§ Records to process
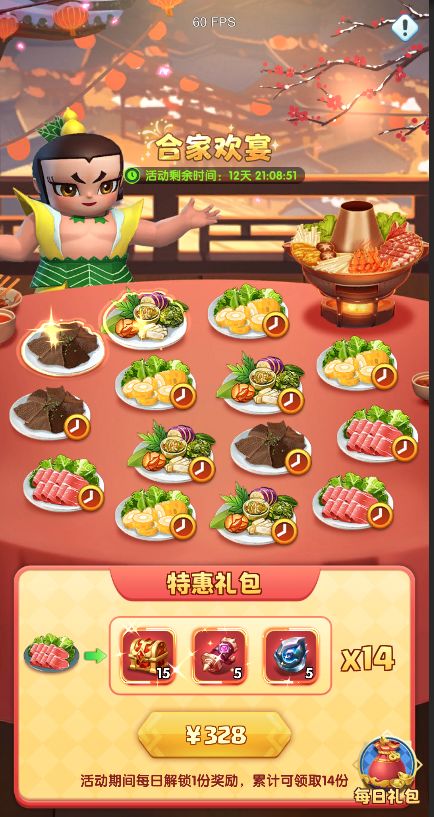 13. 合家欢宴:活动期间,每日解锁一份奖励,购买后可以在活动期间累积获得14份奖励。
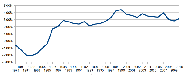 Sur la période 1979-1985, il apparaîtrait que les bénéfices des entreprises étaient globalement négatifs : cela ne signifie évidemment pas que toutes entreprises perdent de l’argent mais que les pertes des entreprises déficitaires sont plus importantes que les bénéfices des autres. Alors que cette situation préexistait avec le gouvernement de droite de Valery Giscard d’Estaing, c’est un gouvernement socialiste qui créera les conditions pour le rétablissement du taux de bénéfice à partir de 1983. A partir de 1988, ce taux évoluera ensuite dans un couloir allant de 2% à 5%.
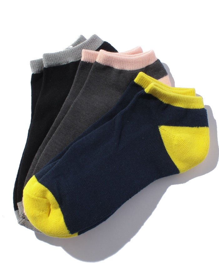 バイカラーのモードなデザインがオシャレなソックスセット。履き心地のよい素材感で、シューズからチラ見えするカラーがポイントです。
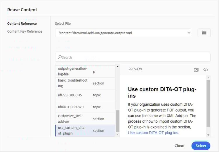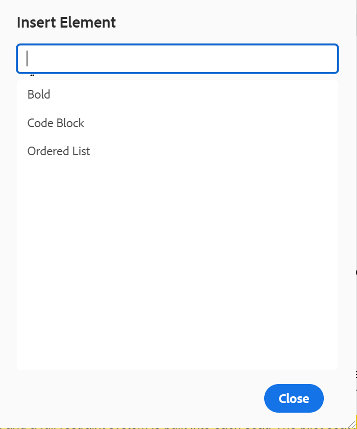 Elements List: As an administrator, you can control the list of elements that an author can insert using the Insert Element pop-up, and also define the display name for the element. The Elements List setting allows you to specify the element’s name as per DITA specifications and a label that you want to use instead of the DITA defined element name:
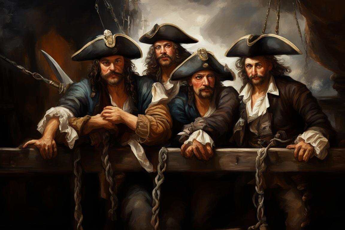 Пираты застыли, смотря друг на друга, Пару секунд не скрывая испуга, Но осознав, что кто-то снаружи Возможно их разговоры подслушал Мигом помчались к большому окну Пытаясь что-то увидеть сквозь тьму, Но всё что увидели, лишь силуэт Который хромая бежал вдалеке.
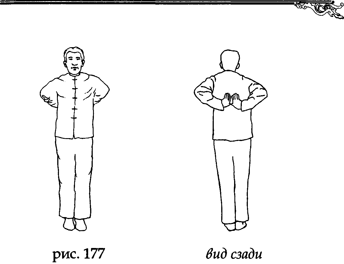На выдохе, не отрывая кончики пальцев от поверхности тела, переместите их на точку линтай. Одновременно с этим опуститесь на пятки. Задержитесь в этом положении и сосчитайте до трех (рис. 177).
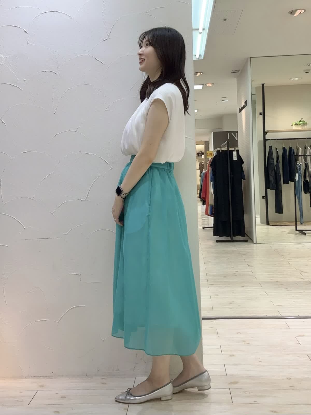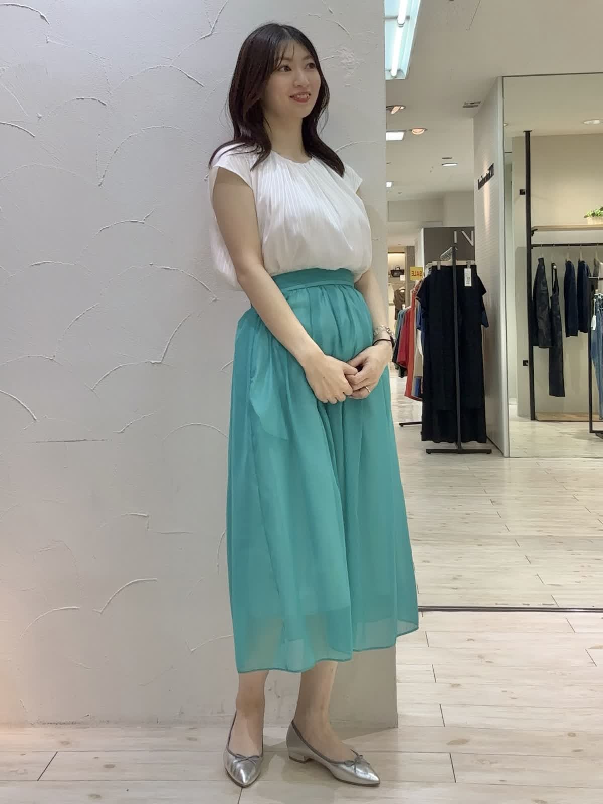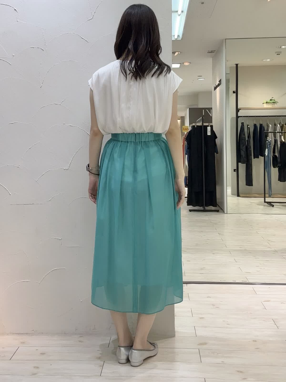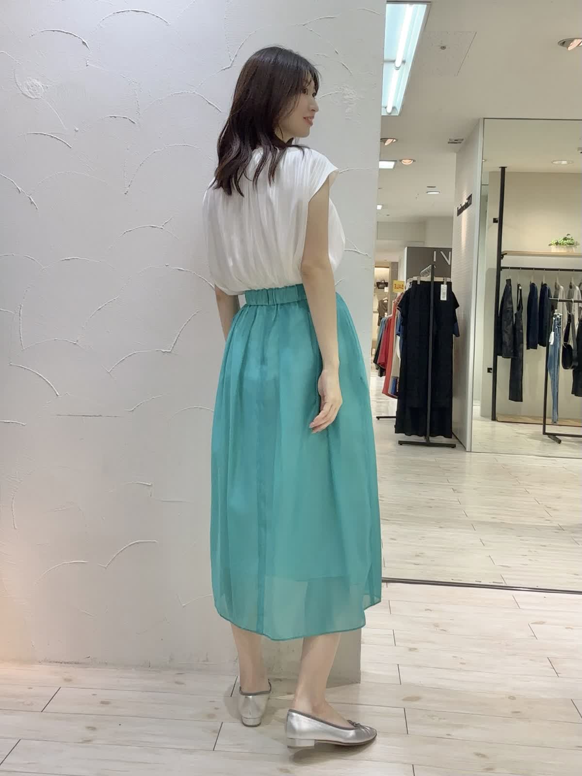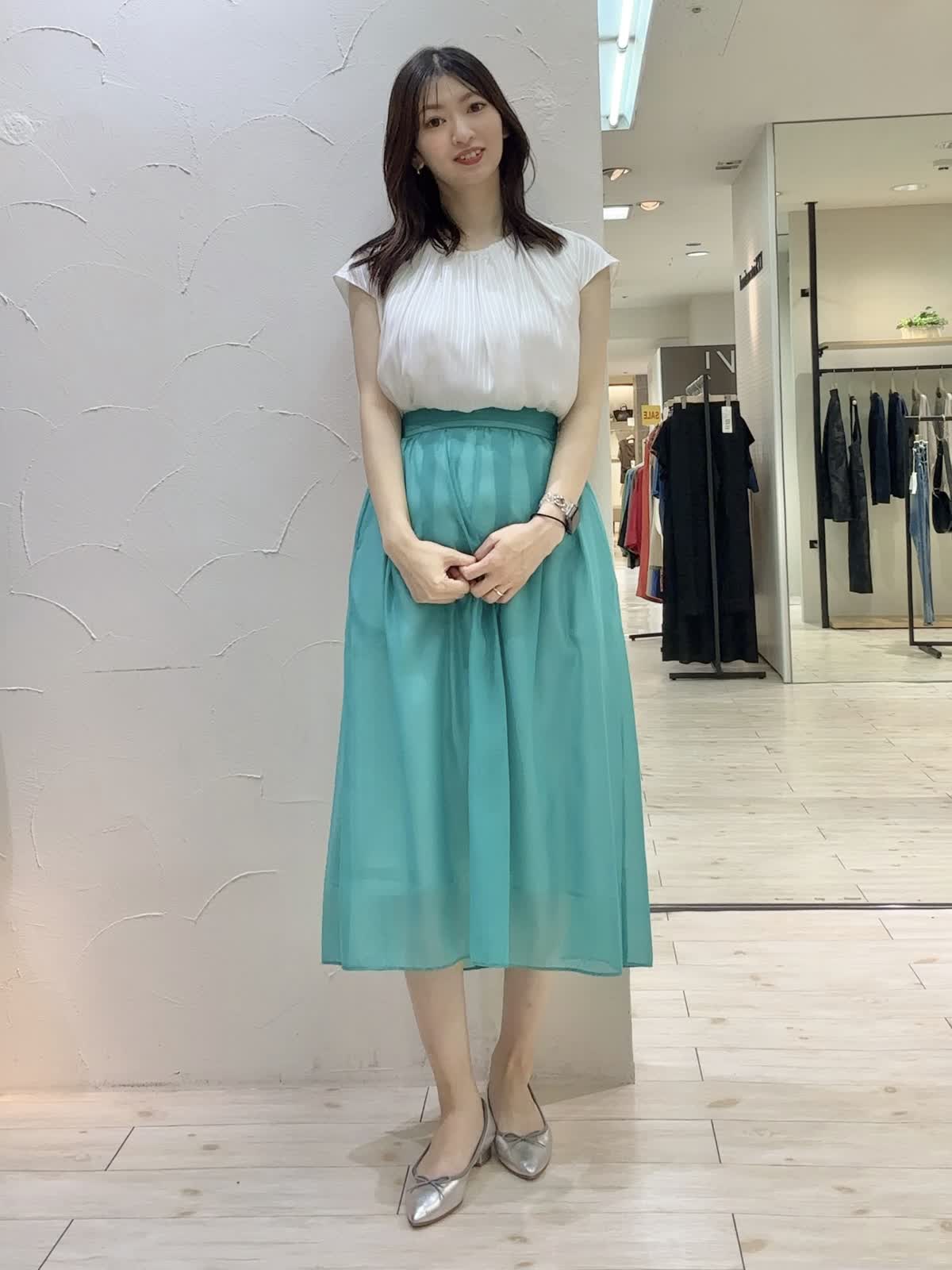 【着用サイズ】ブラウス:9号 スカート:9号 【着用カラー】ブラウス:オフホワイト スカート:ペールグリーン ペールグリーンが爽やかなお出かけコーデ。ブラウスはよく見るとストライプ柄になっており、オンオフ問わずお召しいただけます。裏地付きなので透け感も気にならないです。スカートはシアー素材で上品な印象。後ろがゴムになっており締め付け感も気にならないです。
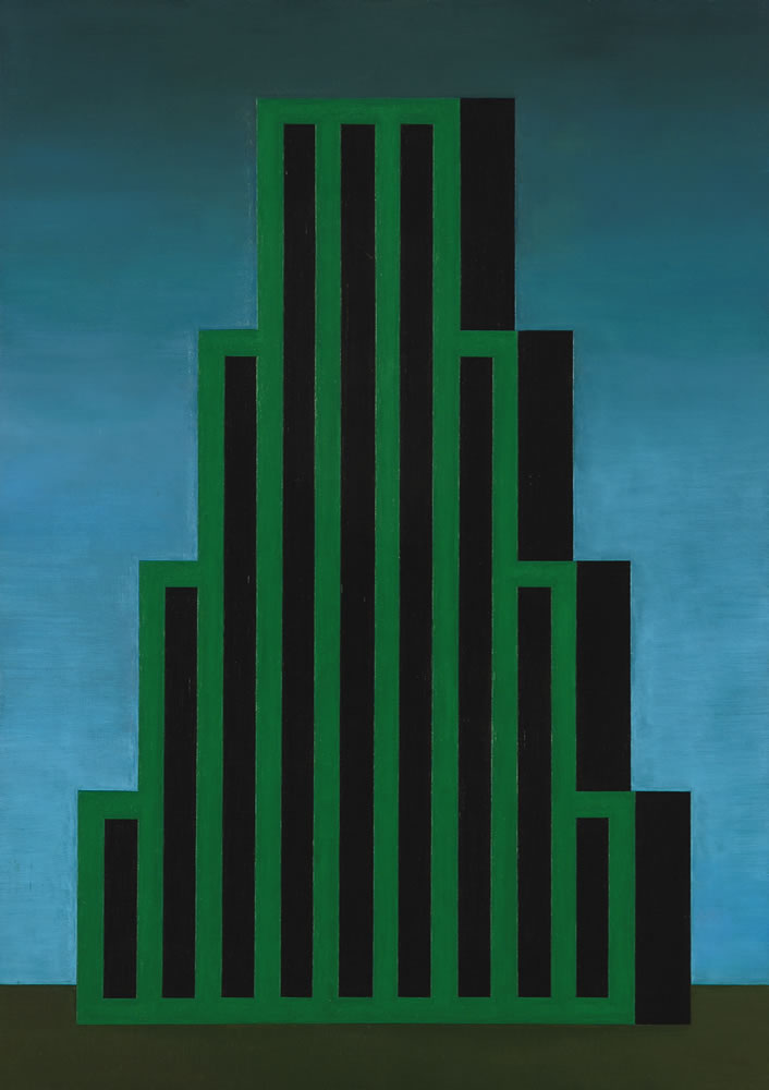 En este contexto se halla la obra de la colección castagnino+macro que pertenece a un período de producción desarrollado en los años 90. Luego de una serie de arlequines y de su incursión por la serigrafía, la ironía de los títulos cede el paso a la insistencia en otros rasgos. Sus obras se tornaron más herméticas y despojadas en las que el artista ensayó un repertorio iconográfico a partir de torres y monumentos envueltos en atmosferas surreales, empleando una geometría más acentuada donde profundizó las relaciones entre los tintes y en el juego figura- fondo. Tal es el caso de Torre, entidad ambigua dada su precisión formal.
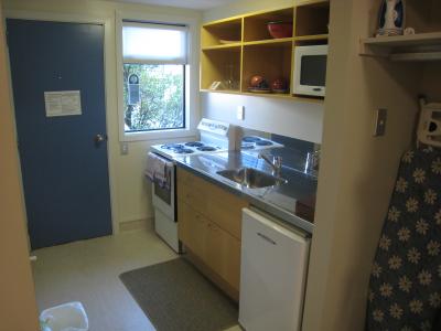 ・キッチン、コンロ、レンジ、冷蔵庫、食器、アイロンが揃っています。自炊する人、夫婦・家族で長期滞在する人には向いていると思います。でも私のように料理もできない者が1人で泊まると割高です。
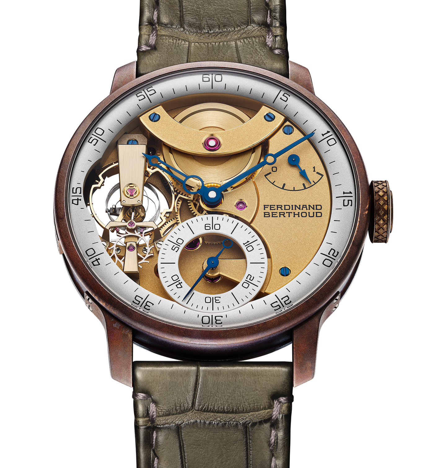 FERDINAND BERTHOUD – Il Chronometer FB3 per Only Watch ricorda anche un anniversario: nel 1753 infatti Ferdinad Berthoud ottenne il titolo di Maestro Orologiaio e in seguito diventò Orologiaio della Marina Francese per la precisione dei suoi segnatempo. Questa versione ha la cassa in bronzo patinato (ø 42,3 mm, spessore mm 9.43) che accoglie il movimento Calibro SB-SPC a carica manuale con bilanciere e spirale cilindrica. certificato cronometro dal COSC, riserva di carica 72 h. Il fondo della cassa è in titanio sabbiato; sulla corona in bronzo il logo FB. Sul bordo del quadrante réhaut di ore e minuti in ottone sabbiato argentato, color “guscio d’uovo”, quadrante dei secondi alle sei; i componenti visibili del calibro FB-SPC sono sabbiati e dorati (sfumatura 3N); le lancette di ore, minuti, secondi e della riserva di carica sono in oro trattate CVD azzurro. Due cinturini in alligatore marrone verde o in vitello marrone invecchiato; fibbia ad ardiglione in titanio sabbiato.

§ Directions for this task
Take the material above from its first line through the line holding "スカート:9号 【着用カラー】ブラウス:オフホワイト スカート:ペールグリーン" and set it down exactly, without the pictures.

§ Task output
 13. 合家欢宴:活动期间,每日解锁一份奖励,购买后可以在活动期间累积获得14份奖励。
 Sur la période 1979-1985, il apparaîtrait que les bénéfices des entreprises étaient globalement négatifs : cela ne signifie évidemment pas que toutes entreprises perdent de l’argent mais que les pertes des entreprises déficitaires sont plus importantes que les bénéfices des autres. Alors que cette situation préexistait avec le gouvernement de droite de Valery Giscard d’Estaing, c’est un gouvernement socialiste qui créera les conditions pour le rétablissement du taux de bénéfice à partir de 1983. A partir de 1988, ce taux évoluera ensuite dans un couloir allant de 2% à 5%.
 バイカラーのモードなデザインがオシャレなソックスセット。履き心地のよい素材感で、シューズからチラ見えするカラーがポイントです。
 Elements List: As an administrator, you can control the list of elements that an author can insert using the Insert Element pop-up, and also define the display name for the element. The Elements List setting allows you to specify the element’s name as per DITA specifications and a label that you want to use instead of the DITA defined element name:
 Пираты застыли, смотря друг на друга, Пару секунд не скрывая испуга, Но осознав, что кто-то снаружи Возможно их разговоры подслушал Мигом помчались к большому окну Пытаясь что-то увидеть сквозь тьму, Но всё что увидели, лишь силуэт Который хромая бежал вдалеке.
На выдохе, не отрывая кончики пальцев от поверхности тела, переместите их на точку линтай. Одновременно с этим опуститесь на пятки. Задержитесь в этом положении и сосчитайте до трех (рис. 177).
 【着用サイズ】ブラウス:9号 スカート:9号 【着用カラー】ブラウス:オフホワイト スカート:ペールグリーン ペールグリーンが爽やかなお出かけコーデ。ブラウスはよく見るとストライプ柄になっており、オンオフ問わずお召しいただけます。裏地付きなので透け感も気にならないです。スカートはシアー素材で上品な印象。後ろがゴムになっており締め付け感も気にならないです。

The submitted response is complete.